Снова поздние ночные часы. Выхожу на сцену, стараюсь выжать смешки из кучки пьянчуг. Снова. Никаких стриптизерш. Теперь их нет. Только я — и пьянчуги да тридцать лет, отделяющих начало моего пути — от финиша.

Тридцать лет.

За это время я нажил возраст, морщины, квартиру, которая некогда символизировала мое продвижение вперед и наверх, а теперь снимается в соответствии с содержимым моего кармана. А еще — комедийные выступления в поздние ночные часы. Да, это я раздобыл. Снова.

В одну из таких поздних ночей, переходивших в раннее утро, я встретил в одном вест-сайдском клубе комика, с которым давно был знаком.
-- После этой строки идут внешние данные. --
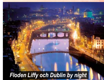
Floden Liffy och Dublin by night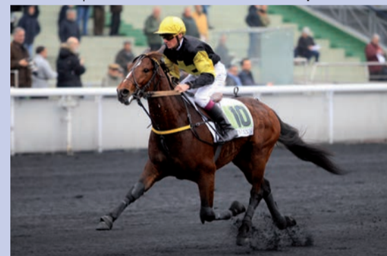
Dragon du Fresne

LE TICKET MALIN : difficile de prévoir le comportement de Django Riff (8) et de Draft Life (6) qui vont effectuer leur premiers pas dans la spécialité. Aussi, on fera confiance au double lauréat classique Dragon du Fresne (7) et à Dahlia du Rib (4), probant lauréat en dernier lieu. Couplé G/P 7-4

Как и я, он был уже далеко не молод. Мы с ним неплохо ладили. В окружении всех этих новых лиц, свежих лиц, которые постоянно возникали в комедийных клубах, мы с ним, пара бывалых корешей, ощутили себя чуть ли не друзьями.

После выступлений, сидя в баре, мы выпивали, обменивались историями о прежних днях, делились информацией о том или ином владельце клуба, который еще мог бы подкинуть зрелому исполнителю работенку. С возрастом находить работу отнюдь не становилось легче. Не важно, каков ваш номер, — более проворными оказывались молодые. И ангажементы доставались молодым.

И тогда этот мой знакомый комик пожаловался, что он какое-то время работал с Сидом, но потом, когда тот умер, ему пришлось буквально бороться за выживание.

Я задохнулся, поперхнулся, услышав это.

Мой собеседник воскликнул:

— Так ты не знал?!

Нет. Я не знал. Но мог бы сообразить. Сид был немолод, когда я познакомился с ним. Прошло уже двадцать лет со времени моего последнего с ним разговора. Так что — я не знал, но мог бы сообразить. Но когда я это услышал, когда я услышал, что Сида больше нет…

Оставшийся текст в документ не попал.